### Your instructions
Only one span of the material below is wanted. Output it exactly, from the line with "NNEVL Bed Cabinets" through the line with "This means Obsidian", without any pictures.

### Source records
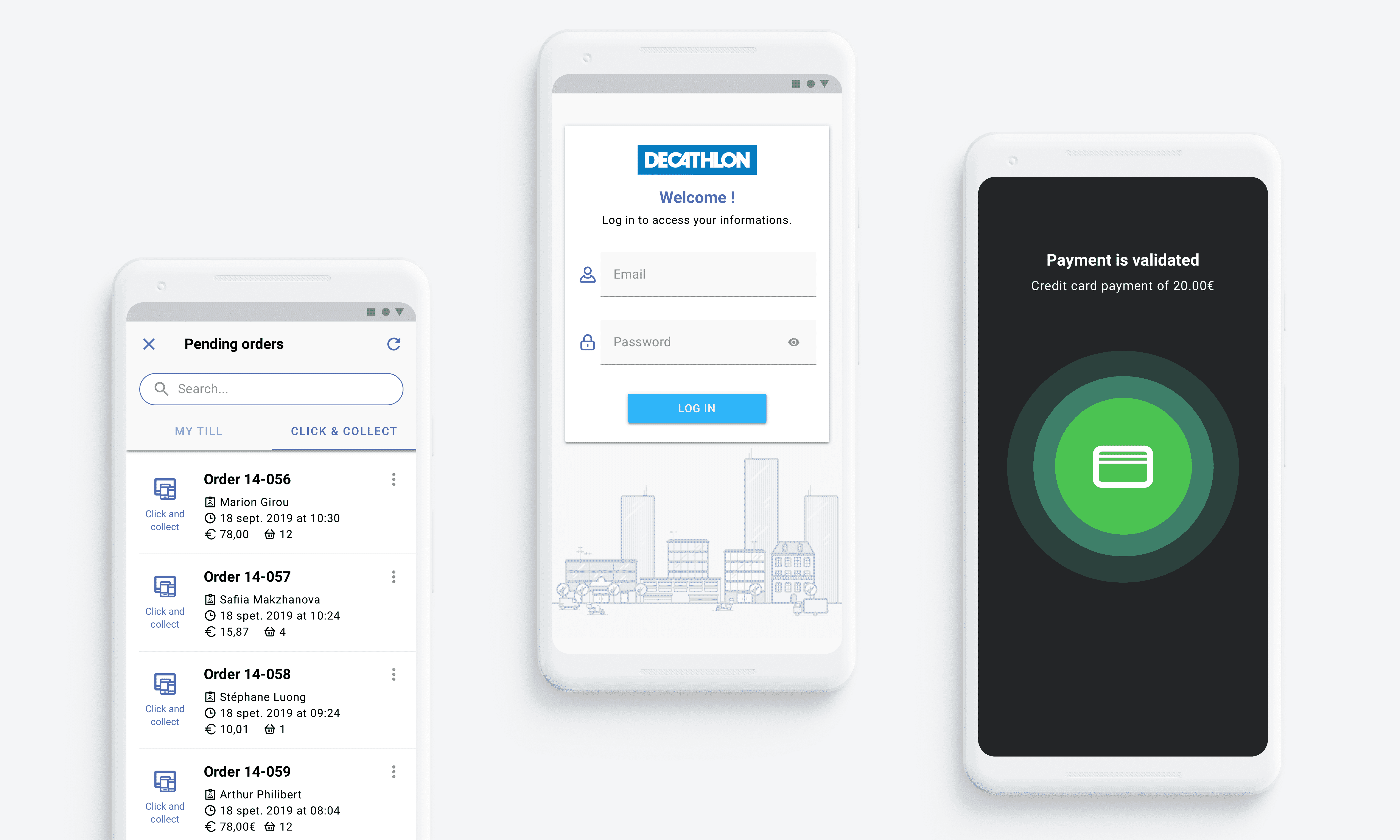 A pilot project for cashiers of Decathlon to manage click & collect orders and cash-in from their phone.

==

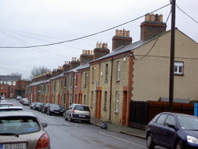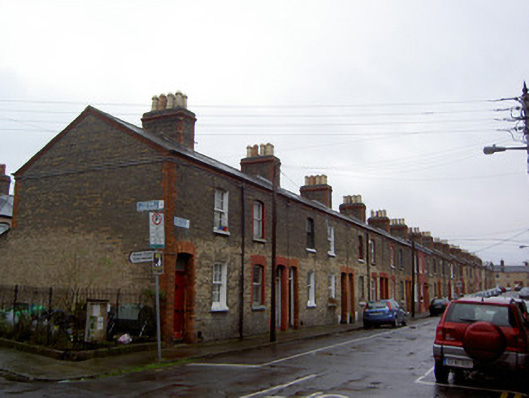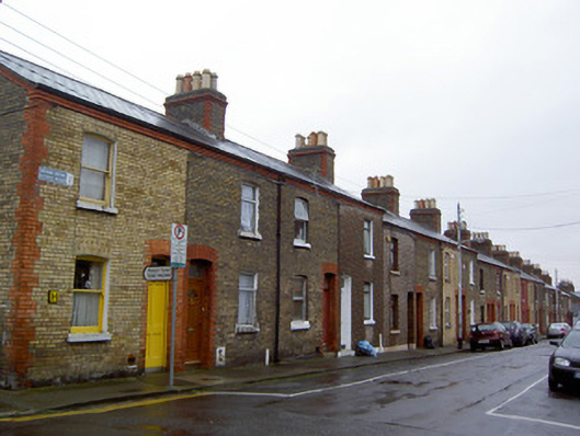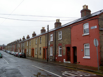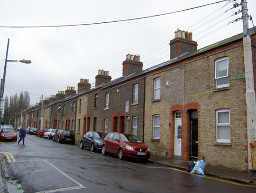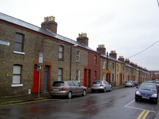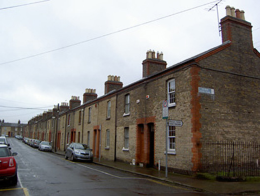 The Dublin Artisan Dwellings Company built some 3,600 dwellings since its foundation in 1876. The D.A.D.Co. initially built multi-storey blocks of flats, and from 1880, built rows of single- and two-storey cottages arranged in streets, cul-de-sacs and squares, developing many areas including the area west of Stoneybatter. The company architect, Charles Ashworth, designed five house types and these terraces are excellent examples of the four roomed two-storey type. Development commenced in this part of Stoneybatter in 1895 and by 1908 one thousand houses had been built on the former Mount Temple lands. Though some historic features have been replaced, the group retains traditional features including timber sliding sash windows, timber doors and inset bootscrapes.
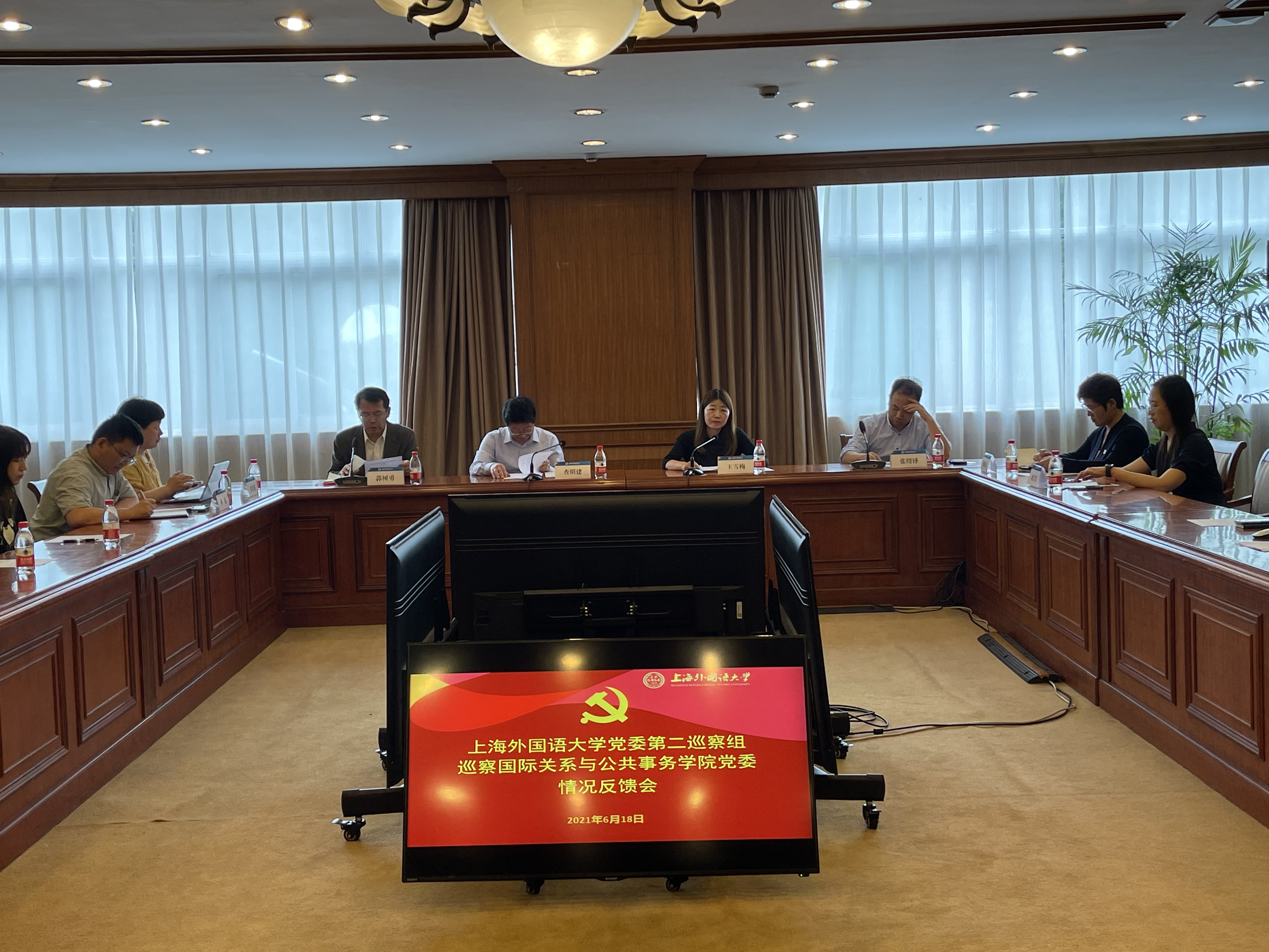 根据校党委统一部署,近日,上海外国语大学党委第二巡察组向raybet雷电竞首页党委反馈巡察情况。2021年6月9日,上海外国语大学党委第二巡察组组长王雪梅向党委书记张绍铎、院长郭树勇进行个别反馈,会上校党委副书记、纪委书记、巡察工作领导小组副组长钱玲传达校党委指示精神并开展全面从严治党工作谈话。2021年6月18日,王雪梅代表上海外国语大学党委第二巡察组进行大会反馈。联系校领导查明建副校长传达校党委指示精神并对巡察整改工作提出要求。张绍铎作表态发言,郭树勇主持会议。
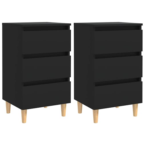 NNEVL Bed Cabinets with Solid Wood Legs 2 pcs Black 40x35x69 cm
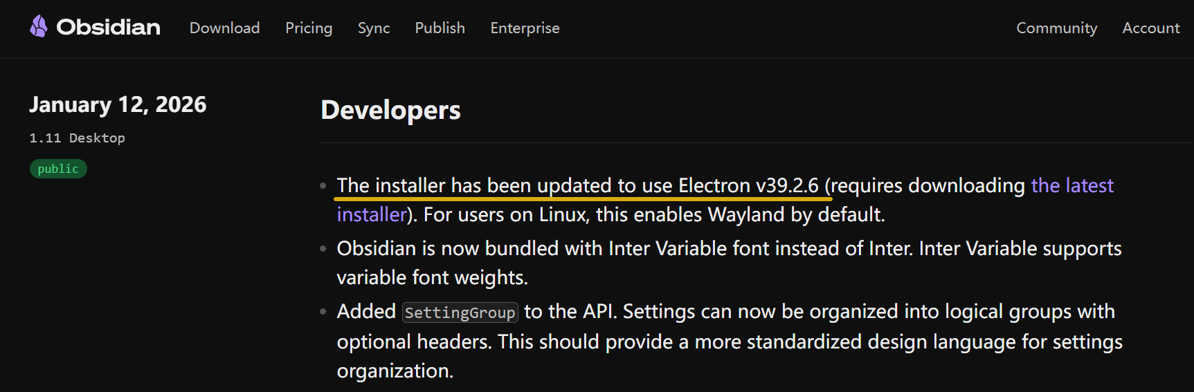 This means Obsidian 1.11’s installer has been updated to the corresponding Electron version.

* * *

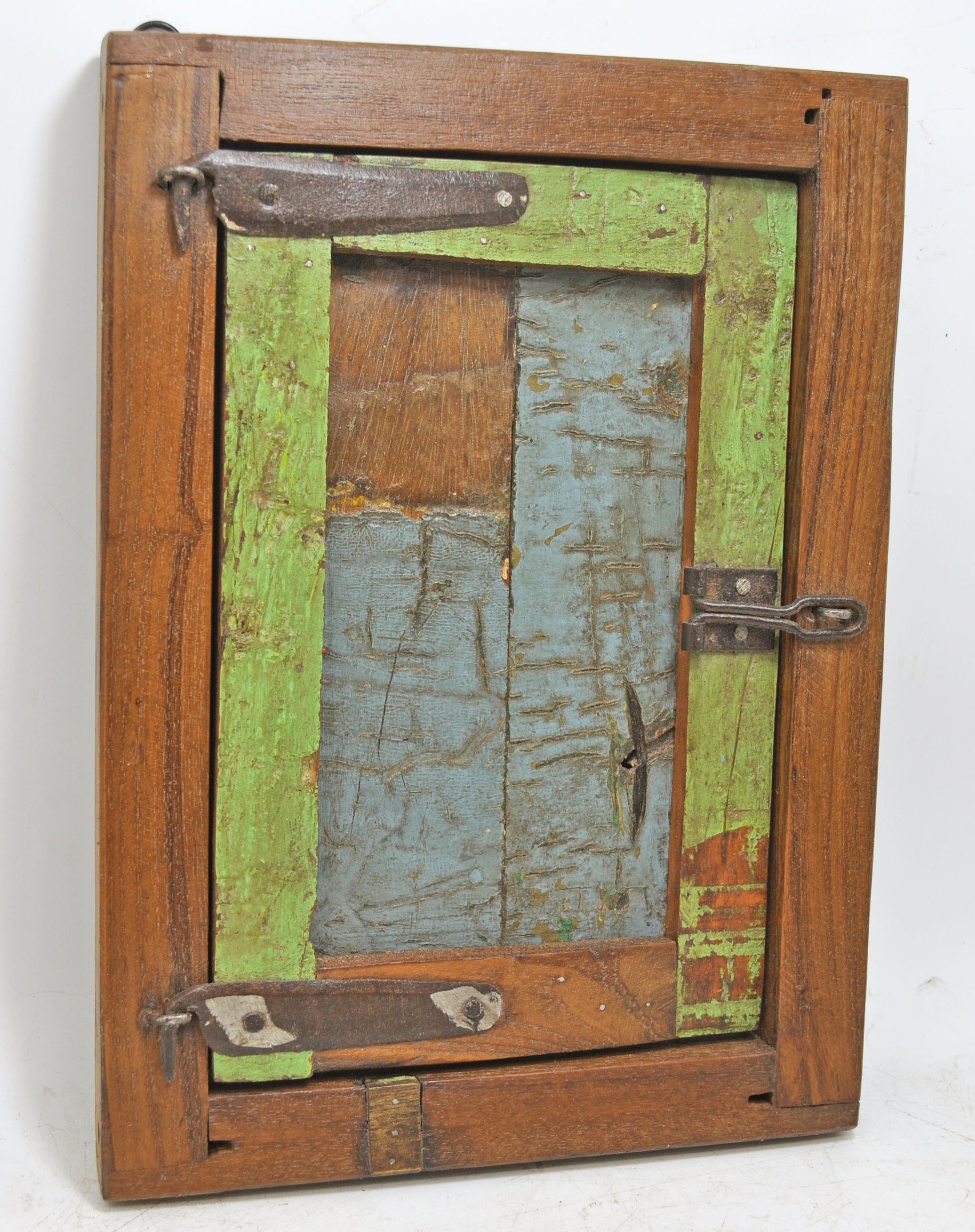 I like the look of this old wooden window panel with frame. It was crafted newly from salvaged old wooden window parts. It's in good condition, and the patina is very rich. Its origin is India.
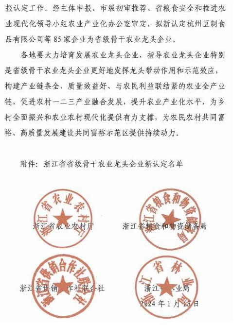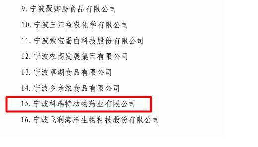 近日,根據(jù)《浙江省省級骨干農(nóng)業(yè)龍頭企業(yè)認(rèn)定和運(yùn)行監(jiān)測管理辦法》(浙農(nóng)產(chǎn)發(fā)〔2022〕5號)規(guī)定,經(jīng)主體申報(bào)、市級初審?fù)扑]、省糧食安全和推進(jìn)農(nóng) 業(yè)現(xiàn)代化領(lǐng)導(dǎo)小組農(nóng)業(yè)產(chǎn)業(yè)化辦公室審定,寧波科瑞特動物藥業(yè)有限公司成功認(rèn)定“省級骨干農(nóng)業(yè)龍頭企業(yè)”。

### Result for this task
 NNEVL Bed Cabinets with Solid Wood Legs 2 pcs Black 40x35x69 cm
 This means Obsidian 1.11’s installer has been updated to the corresponding Electron version.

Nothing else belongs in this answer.